Saturday, 21 March 2015

Scoria



What is Scoria?

Scoria is a highly vesicular, dark coloured volcanic rock that may or may not contain crystals (phenocrysts). It is typically dark in colour (generally dark brown, black or purplish red), and basaltic or andesitic in composition. Scoria is relatively low in density as a result of its numerous macroscopic ellipsoidal vesicles, but in contrast to pumice, all scoria has a specific gravity greater than 1, and sinks in water. The holes or vesicles form when gases that were dissolved in the magma come out of solution as it erupts, creating bubbles in the molten rock, some of which are frozen in place as the rock cools and solidifies. Scoria may form as part of a lava flow, typically near its surface, or as fragmental ejecta (lapilli, blocks and bombs), for instance in Strombolian eruptions that form steep-sided scoria cones. Most scoria is composed of glassy fragments, and may contain phenocrysts. The word scoria comes from the Greek σκωρία, skōria, rust. An old name for scoria is cinder.

Formation of scoria

Scoria is formed of the explosive from the volcano when it explodes, excessive gases and ash goes out of the volcano. These gases are dissolved in the magma under pressure of the overburden. The magma from the explosion of the volcano goes into air where pressure is released and the magma solidifies as the temperature is dropped than that of the subsurface. As the magma solidifies, the gases in the melt are not released from the melt before it solidifies. These gases produces round or elongated pores.

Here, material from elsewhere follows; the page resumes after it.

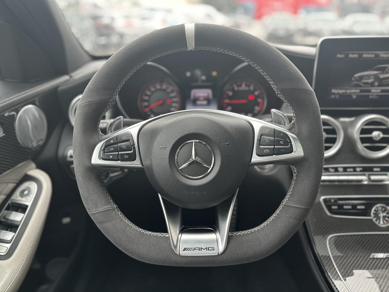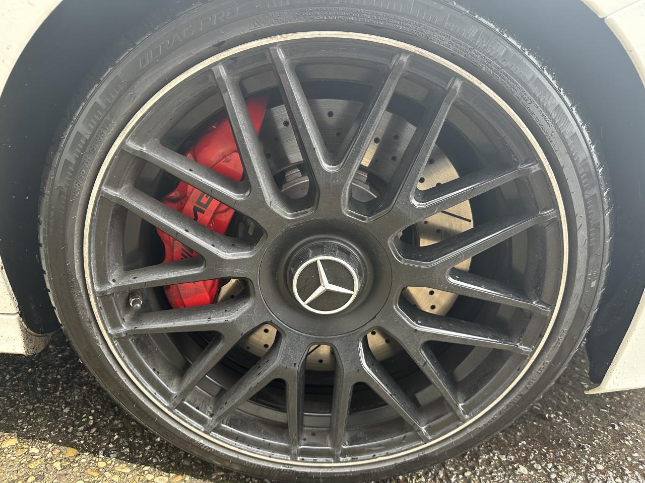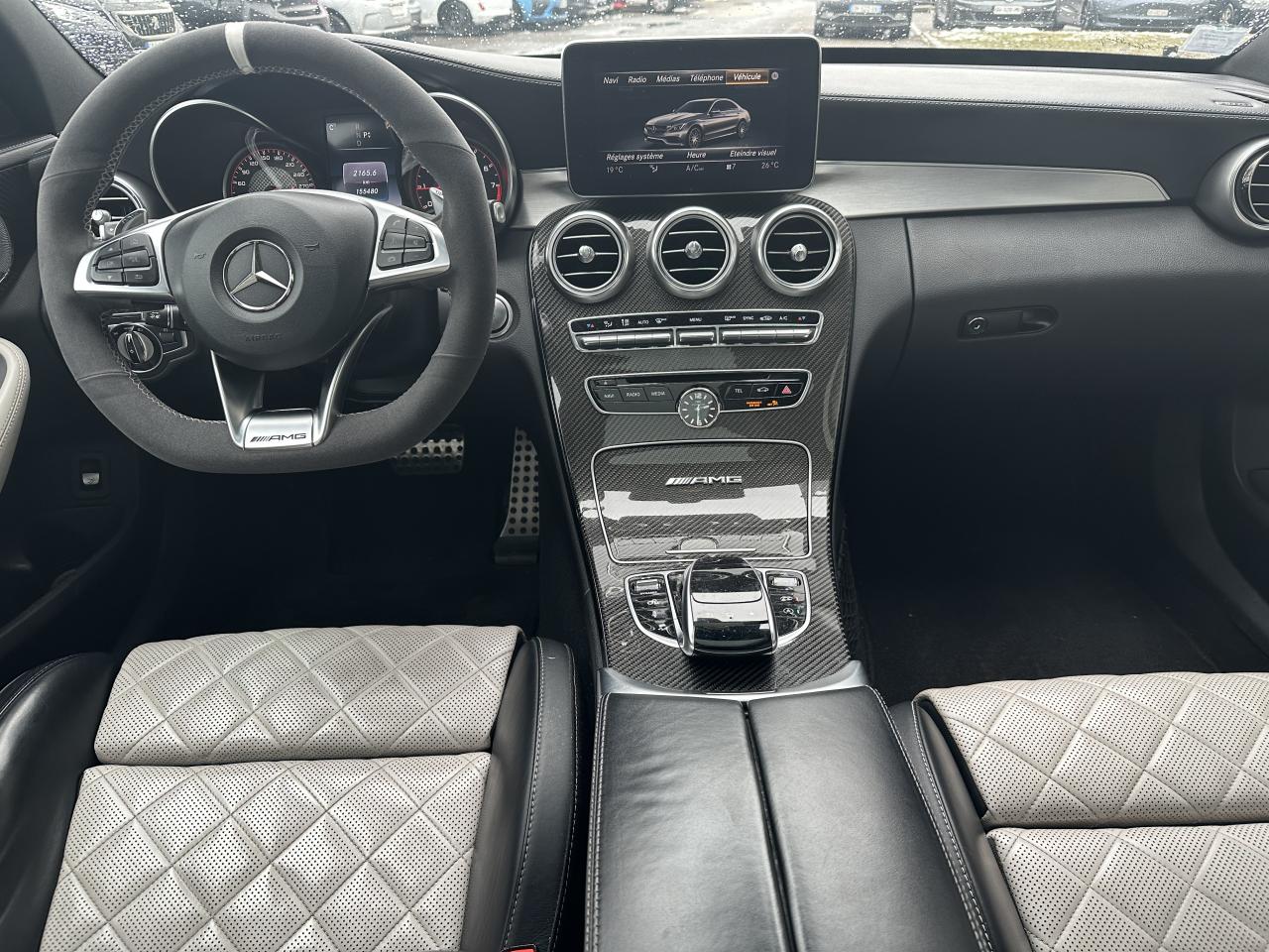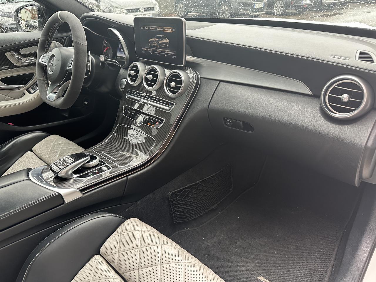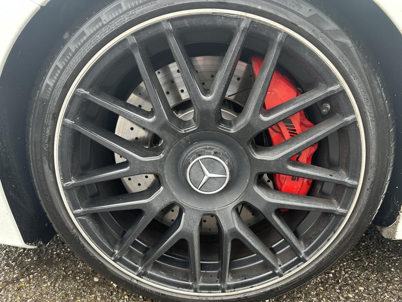 Accoudoir central avant avec vide-poches, ADAPTIVE BRAKE avec fonction HOLD et aide au démarrage en côte, Affichage tête haute, Antivol à clé électronique avec système de verrouillage ELCODE, APA (Aide au Parking Active) : système d'aide au stationnement avec radars de proximité avant/arrière et caméra de recul, Boîte de vitesses sport automatique à 7 rapports SPEEDSHIFT MCT AMG avec fonction Race Start, Caméra de recul, Climatisation automatique THERMATIC à 2 zones, COLLISION PREVENTION ASSIST : système d'avertissement des risques de collision, COMAND Online, Détecteur d'angle mort, Déverrouillage du coffre à distance, Différentiel autobloquant AMG sur l'essieu arrière (électronique), Direction paramétrique sport AMG, DYNAMIC SELECT AMG : 5 modes de conduite au choix (Eco, Confort, Sport, Sport Plus et Individuel), ESP AMG avec 3 modes de réglage (On, Sport et Off), Etriers de freins peints dans le ton rouge, Intelligent Light System (ILS) à LED : Projecteurs hautes performances à technologie LED avec répartition variable de l'éclairage, éclairage actif dans les virages et correcteur dynamique de portée, Interface média USB dans l'accoudoir central avant (2 ports USB), Jupe avant AMG avec splitter finition noir brillant et baguette avant finition argent iridium mat, Monogramme S AMG sur le couvercle de coffre, Ordinateur de bord, Pack d'éclairage intérieur, Rétroviseurs extérieurs électriques, chauffants et asphériques, avec rappels de clignotants intégrés, Sièges avant chauffants, Sièges avant sport AMG avec maintien latéral optimisé et plaquette AMG, Sièges conducteur et passager avant tout électriques avec fonction Mémoires incluant la colonne de direction et les rétroviseurs extérieurs, Système d'échappement sport AMG avec deux doubles sorties chromées, Système de freinage composite hautes performances AMG (disques AV 390x36 mm et AR 360x26 mm), Tableau de bord recouvert de similicuir ARTICO noir, TEMPOMAT (régulateur de vitesse) et SPEEDTRONIC (limiteur de vitesse), Toit ouvrant panoramique électrique en verre, Train de roulement sport RIDE CONTROL AMG avec réglage adaptatif, Volant performance AMG à 3 branches en cuir Nappa/microfibre Dinamica

These pore are vesicles of the gases zones which are evident of the melt solidification rapidly else gases would not have been trapped.
The scoria as formed from the explosion will be found near the mouth of the volcano and heavier rock would fall down the hill of the volcano. 

Cinder cones

Cinder cone are the steep hills formed by the brief eruption of a volcano where scoria is deposited at the mouth and stack at on another. These have vertical relief with less than few thousand feet. These hill are often formed at intervals. More than just one volcano erupts near to another to form from few cinder cones to hundreds of individual cones that forms a cluster. 
Most of the scoria falls to the ground near the vent to build up a cone-shaped hill called a "cinder cone." Cinder cones are generally small volcanoes produced by brief eruptions with a total vertical relief of less than a few thousand feet. They are usually very steep because scoria has an angle of repose of 30 to 40 degrees. In some parts of the world, cinder cones occur in clusters of a few to hundreds of individual cones. These areas are called "volcano fields."
An example is Maungarei in New Zealand, which like Te Tatua-a-Riukiuta in the south of the same city has been extensively quarried. Quincan, a unique form of Scoria, is quarried at Mount Quincan in Far North Queensland, Australia.

Vesicular basalts

When volcano erupts the melt has dissolved gases in it which due to release of pressure moves upward in the flow for its low weight. These gases attempt to escape the melt that's why it moves upward. As temperature and pressure is reduced the melt solidifies which in turn traps some of the gases. These gases produces vesicles in the rock body and the rock is called scoria or vesicular basalt.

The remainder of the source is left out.